A film about childhood innocence that has been charming audiences at Cannes, Toronto, San Sebastian, Zurich, New York, Edmonton, Adelaide, Rio de Janeiro, Vancouver, Hamburg, Mumbai, before descending upon the Picturehouse Central for this year’s London Film Festival. Moonee is six years old and lives with her mom Halley (Bria Vinaite) at the Magic Castle Motel in Kissimmee, Florida, just down the road from Disneyland. The Florida Project was an early development name for Disney World. It’s the height of Summer and Moonee with her friend Scooty (Christopher Rivera) spend their days hanging out together, constantly getting into trouble and tormenting the hotel manager Bobby (Willem Dafoe). Halley doesn’t have a job and pays the weekly motel bill by illegally selling perfumes to tourists out of a bag. Everyone at the motel is barely making a living and evictions for prostitution or non-payment of rent are a regular occurrence. Moonee and her friends have to make their own entertainment, whether its spitting on a neighbour’s car or exploring the abandoned condo development, all the time narrating their own adventures and playing at being grown-ups. Will you marry me? - Moonee. Not right now. I’d rather not. - Scooty. In the first part of the story, Moonee, Scooty and their other friends Dicky (Aiden Malik) and Jancey (Valiera Cotto) race or skip, never walk, to a fresh discovery. They take turns to pilfer money from passers-by for ice cream which they share. If I had a pet alligator, I would name her Anne. - Moonee. 64


Moonee gets her lively spirit from her mum.
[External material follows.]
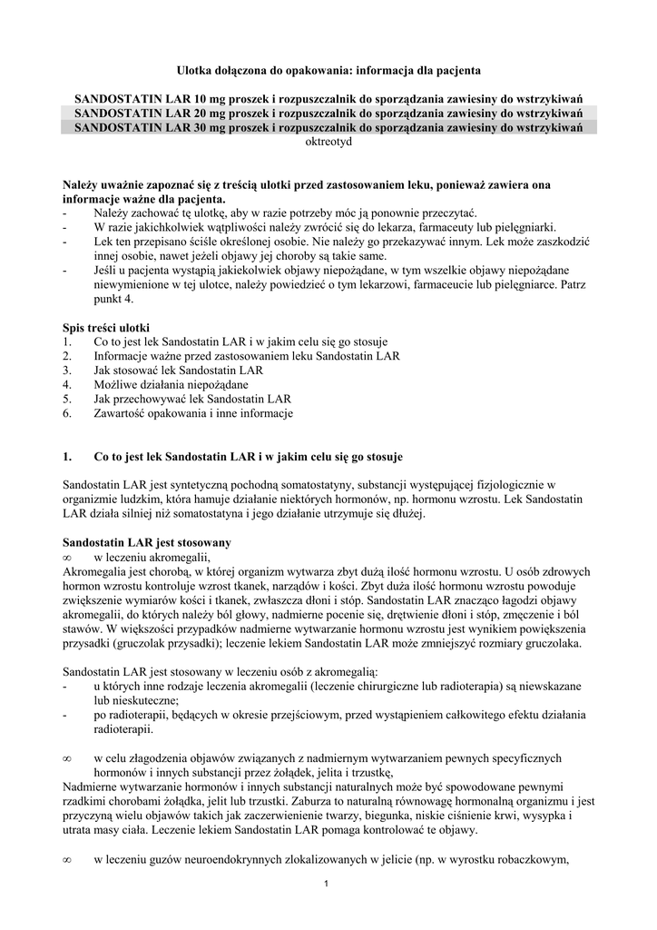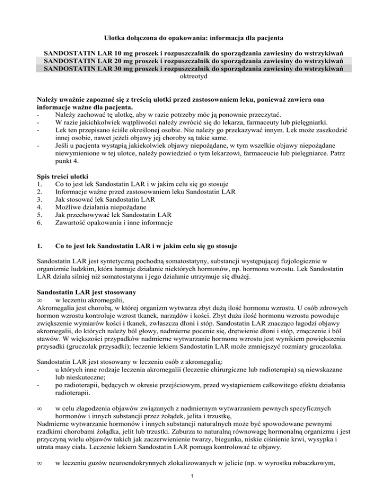 Ulotka dołączona do opakowania: informacja dla pacjenta SANDOSTATIN LAR 10 mg proszek i rozpuszczalnik do sporządzania zawiesiny do wstrzykiwań SANDOSTATIN LAR 20 mg proszek i rozpuszczalnik do sporządzania zawiesiny do wstrzykiwań SANDOSTATIN LAR 30 mg proszek i rozpuszczalnik do sporządzania zawiesiny do wstrzykiwań oktreotyd Należy uważnie zapoznać się z treścią ulotki przed zastosowaniem leku, ponieważ zawiera ona informacje ważne dla pacjenta. Należy zachować tę ulotkę, aby w razie potrzeby móc ją ponownie przeczytać. W razie jakichkolwiek wątpliwości należy zwrócić się do lekarza, farmaceuty lub pielęgniarki. Lek ten przepisano ściśle określonej osobie. Nie należy go przekazywać innym. Lek może zaszkodzić innej osobie, nawet jeżeli objawy jej choroby są takie same. Jeśli u pacjenta wystąpią jakiekolwiek objawy niepożądane, w tym wszelkie objawy niepożądane niewymienione w tej ulotce, należy powiedzieć o tym lekarzowi, farmaceucie lub pielęgniarce. Patrz punkt 4. Spis treści ulotki 1. Co to jest lek Sandostatin LAR i w jakim celu się go stosuje 2. Informacje ważne przed zastosowaniem leku Sandostatin LAR 3. Jak stosować lek Sandostatin LAR 4. Możliwe działania niepożądane 5. Jak przechowywać lek Sandostatin LAR 6. Zawartość opakowania i inne informacje 1. Co to jest lek Sandostatin LAR i w jakim celu się go stosuje Sandostatin LAR jest syntetyczną pochodną somatostatyny, substancji występującej fizjologicznie w organizmie ludzkim, która hamuje działanie niektórych hormonów, np. hormonu wzrostu. Lek Sandostatin LAR działa silniej niż somatostatyna i jego działanie utrzymuje się dłużej. Sandostatin LAR jest stosowany • w leczeniu akromegalii, Akromegalia jest chorobą, w której organizm wytwarza zbyt dużą ilość hormonu wzrostu. U osób zdrowych hormon wzrostu kontroluje wzrost tkanek, narządów i kości. Zbyt duża ilość hormonu wzrostu powoduje zwiększenie wymiarów kości i tkanek, zwłaszcza dłoni i stóp. Sandostatin LAR znacząco łagodzi objawy akromegalii, do których należy ból głowy, nadmierne pocenie się, drętwienie dłoni i stóp, zmęczenie i ból stawów. W większości przypadków nadmierne wytwarzanie hormonu wzrostu jest wynikiem powiększenia przysadki (gruczolak przysadki); leczenie lekiem Sandostatin LAR może zmniejszyć rozmiary gruczolaka. Sandostatin LAR jest stosowany w leczeniu osób z akromegalią: u których inne rodzaje leczenia akromegalii (leczenie chirurgiczne lub radioterapia) są niewskazane lub nieskuteczne; po radioterapii, będących w okresie przejściowym, przed wystąpieniem całkowitego efektu działania radioterapii. • w celu złagodzenia objawów związanych z nadmiernym wytwarzaniem pewnych specyficznych hormonów i innych substancji przez żołądek, jelita i trzustkę, Nadmierne wytwarzanie hormonów i innych substancji naturalnych może być spowodowane pewnymi rzadkimi chorobami żołądka, jelit lub trzustki. Zaburza to naturalną równowagę hormonalną organizmu i jest przyczyną wielu objawów takich jak zaczerwienienie twarzy, biegunka, niskie ciśnienie krwi, wysypka i utrata masy ciała. Leczenie lekiem Sandostatin LAR pomaga kontrolować te objawy. • w leczeniu guzów neuroendokrynnych zlokalizowanych w jelicie (np. w wyrostku robaczkowym, 1 jelicie cienkim lub okrężnicy) Guzy neuroendokrynne są rzadko występującymi guzami, umiejscowionymi w różnych częściach ciała. Lek Sandostatin LAR stosuje się również do hamowania wzrostu tego typu guzów zlokalizowanych w jelicie (np. w wyrostku robaczkowym, jelicie cienkim lub okrężnicy). • w leczeniu guzów przysadki wydzielających zbyt dużą ilość hormonu tyreotropowego (TSH). Zbyt duża ilość hormonu tyreotropowego (TSH) prowadzi do nadczynności tarczycy. Lek Sandostatin LAR jest stosowany u osób z guzami przysadki wydzielającymi zbyt dużą ilość hormonu tyreotropowego (TSH): gdy inne rodzaje leczenia (leczenie chirurgiczne lub radioterapia) są nieodpowiednie lub nieskuteczne; po radioterapii w okresie przejściowym, zanim radioterapia osiągnie pełną skuteczność. 2. Informacje ważne przed zastosowaniem leku Sandostatin LAR Należy postępować zgodnie ze wszystkimi zaleceniami lekarza. Mogą one różnić się od informacji zawartych w tej ulotce. Należy zapoznać się z poniższymi informacjami przed zastosowaniem leku Sandostatin LAR. Kiedy nie stosować leku Sandostatin LAR: jeśli pacjent ma uczulenie na oktreotyd lub którykolwiek z pozostałych składników tego leku (wymienionych w punkcie 6). Ostrzeżenia i środki ostrożności Przed rozpoczęciem stosowania leku Sandostatin LAR, należy omówić to z lekarzem: jeżeli pacjent wie, że ma lub miał w przeszłości kamienie żółciowe; należy powiedzieć o tym lekarzowi, ponieważ długotrwałe stosowanie leku Sandostatin LAR może powodować powstawanie kamieni żółciowych. Lekarz może zlecić okresową kontrolę pęcherzyka żółciowego. Jeśli pacjent choruje na cukrzycę, ponieważ lek Sandostatin LAR może wpływać na poziom cukru we krwi. Jeśli pacjent choruje na cukrzycę, stężenie cukru we krwi powinno być u niego regularnie kontrolowane. Jeśli pacjent miał w przeszłości zmniejszone stężenie witaminy B12, lekarz może zlecić okresową kontrolę stężenia witaminy B12. Badania i wizyty kontrolne Jeśli pacjent jest długotrwale leczony lekiem Sandostatin LAR, lekarz może zlecić okresową kontrolę czynności tarczycy. Lekarz będzie kontrolował czynność wątroby pacjenta. Dzieci Doświadczenie dotyczące stosowania leku Sandostatin LAR u dzieci jest niewielkie. Sandostatin LAR a inne leki Należy powiedzieć lekarzowi lub farmaceucie o wszystkich lekach przyjmowanych przez pacjenta obecnie lub ostatnio, a także o lekach, które pacjent planuje przyjmować. Podczas leczenia lekiem Sandostatin LAR można na ogół kontynuować przyjmowanie innych leków. Zgłaszano jedna

Halley could be a Disney Princess from the wrong side of the tracks with unkempt blue-dyed hair, top-to-toe skin ink and unrestrained anger, an attitude that led her to lose her job at a strip joint because she refused to offer ‘additional services’. Willem Dafoe comfortably settles into his role as Bobby, his best performance to date. He ladles out benevolence alongside tough love. Dafoe spent a week living in the filming area before production in order to immerse himself in the life of the characters and master the nuances of the regional dialect. Director Sean Baker has elicited authentic performances from his cast, but in particular from Brooklyn Prince as hilariously cheeky and smart-mouthed Moonee who has a talent for getting her friends and herself into trouble. This is the room we’re not supposed to go in, so we’re going in. While the majority of the film was shot on 35mm film, Baker admitted to returning to his ‘guerrilla filmmaking techniques’ to capture the final scene, which was instead shot on an iPhone and contains footage from inside Disney World, filmed without the parks knowledge or consent. The film doesn’t patronise its characters, showing that they are just as capable of the best of actions and the worst as anybody else, but making sure we understand the additional pressures they face. It also emphasises how Halley’s joy of shopping for trashy jewellery or gulping down waffles and syrup rivals Moonee’s, showing how this ‘bad’ mum still has love for her daughter, even though her criminal behaviour is endangering everything. Bobby is continually under pressure and constantly having to ask Halley to pay her rent while also looking out for Moonee. At one point, he must act as the father figure, protecting the children from a potential paedophile. It’s inevitable that Halley is going to be evicted and lose her home which would lead to young Moonee being taken into care or adopted. The theme of the film is summed up earlier in the film by Moonee who tells her friend: That’s my favourite tree, because it’s fallen but it still keeps growing. When the ending comes it is heart breaking for Moonee and her mum as they are separated as Moonee painfully watches her mum being taken away by the police. Where does she go? Moonee finds her best friend and together they run and run and run away to a future unknown. The Florida Project is one of the best films about childhood for a very long time.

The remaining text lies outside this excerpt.